Published April 28, 2015
McCain believes the military had the expertise to carry out these strikes more responsibly.—AFP/File
McCain believes the military had the expertise to carry out these strikes more responsibly.—AFP/File

WASHINGTON/NEW YORK: A key US senator has demanded shifting the drone programme from the CIA to the American military even as media reports revealed that a presidential exemption allowed the agency to increase the air strikes in Pakistan.

Senator John McCain, who heads the Senate’s Armed Services Committee, told CNN that drone strikes against suspected enemy combatants on foreign soil should be run by the US military and not the Central Intelligence Agency.

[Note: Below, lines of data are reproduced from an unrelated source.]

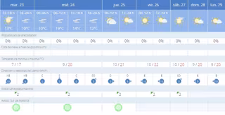 Para el 24 de enero, se mantendrá un clima estable sin precipitaciones. Los cielos estarán muy nubosos durante todo el día, con episodios de niebla tanto en las primeras horas como por la noche. Las temperaturas se situarán entre los 9C de mínima y los 20C de máxima, y la sensación térmica seguirá patrones similares. El viento predominará del sur y suroeste con una velocidad de 5 km/h. La humedad relativa será alta, alcanzando el 100% en las primeras horas de la mañana y por la noche, ofreciendo un día mayormente nublado con momentos de visibilidad reducida debido a la niebla.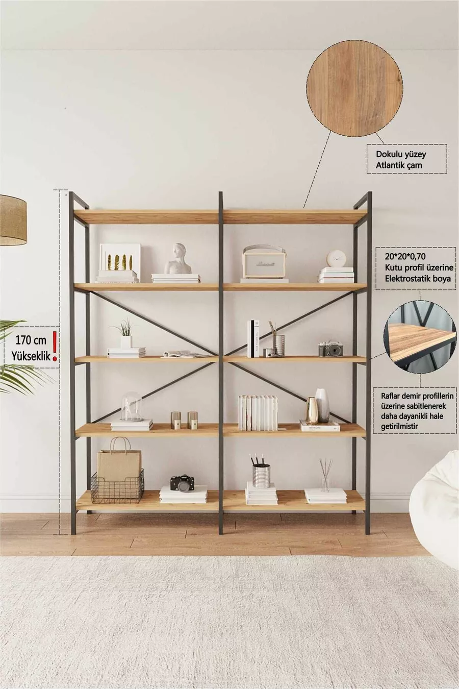 Tip:KlasikMateryal:SuntalamRenk:KahverengiYükseklik:170 cmGenişlik:150 cmDerinlik:34 cmRaf Sayısı:5Gövde Materyali:SuntalamStil:İskandinavTema / Stil:İskandinavÖzellik:Raflı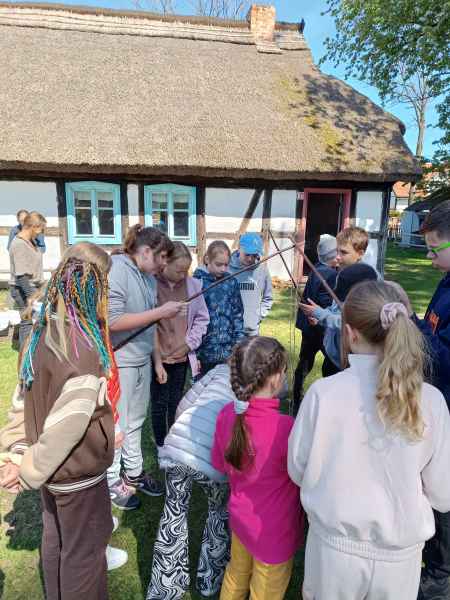 W ramach projektu grantowego, dnia 09 maja 2024 r., udaliśmy się na wycieczkę do skansenu w Klukach. Celem projektu jest integracja uczniów z różnych środowisk migracyjnych. W wycieczce wzięli udział uczniowie pochodzenia ukraińskiego, jak i kaszubskiego czy napływowego z innych części Polski. Gdy dojechaliśmy na miejsce dzieci zostały podzielone na dwie grupy: pierwsza wzięła udział w zajęciach pt.: „Wokół kuchennego pieca”.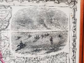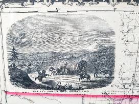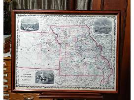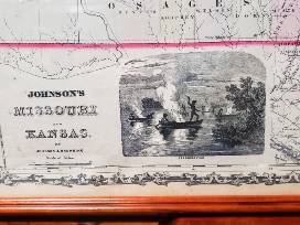 From Johnson's New Illustrated (Steel Plate) Family Atlas New York: Johnson & Browning (ca 1860/61) Hand-colored lithographed county map of Missouri and Kansas circa 1861. Three decorative vignettes showing Santa Fe from the Great Missouri Trail, Spear Fishing, and Fire on the Prairie. Paper dimensions are roughly 23 ½ x 18 inches. Nicely framed with dimensions of 25 ½ x 20 inches.

Also read: Obama gave CIA 'secret waiver' for Pakistan drone strikes: report

“I think it should be conducted and oversight and administered by the Department of Defence,” said the senator, adding that he believed the military had the expertise to carry out these strikes more responsibly.

The CIA has come under tremendous pressure in the United States since last week, when President Barack Obama told his nation that CIA drones had mistakenly killed an American and an Italian aid workers. Mr Obama apologised and took full responsibility for the deaths.

Meanwhile, the Wall Street Journal reported on Monday that President Obama tightened rules for the CIA drone programme in 2013, but he secretly approved a waiver giving the agency more flexibility in Pakistan than anywhere.

The new rules, designed to reduce the risk of civilian casualties, required the CIA to ensure that proposed targets posed an imminent threat to the US. But the waiver “exempted the CIA from this standard in Pakistan”, the report said.

Critics of the drone programme argue that if the agency had followed these restrictions in Pakistan as well, it could have avoided killing the two hostages, Warren Weinstein and Giovanni Lo Porto. Both were killed in a drone strike on a suspected Al Qaeda hideout where the two hostages were also kept.

After the death of the two hostages, President Obama ordered a review to ensure mistakes like this are not repeated.

But Senator McCain argued that this should have been done before the two hostages were killed.

“I think it was probably preventable, in that there was an obvious breakdown in intelligence. They didn’t know that they were there,” he said of the January drone strike.

In a separate report, The New York Times reported that the CIA had “quietly shifted” the head of its drone programme, Michael D’Andrea, to another job.

The officer, a converted Muslim, presided over the growth of CIA drone operations and hundreds of strikes in Pakistan and Yemen during nine years in the position.

Last month by Director CIA John O. Brennan, replaced Mr D’Andrea with Chris Wood, who has served as station chief in Kabul. Most recently, he supervised all CIA operations in Afghanistan and Pakistan.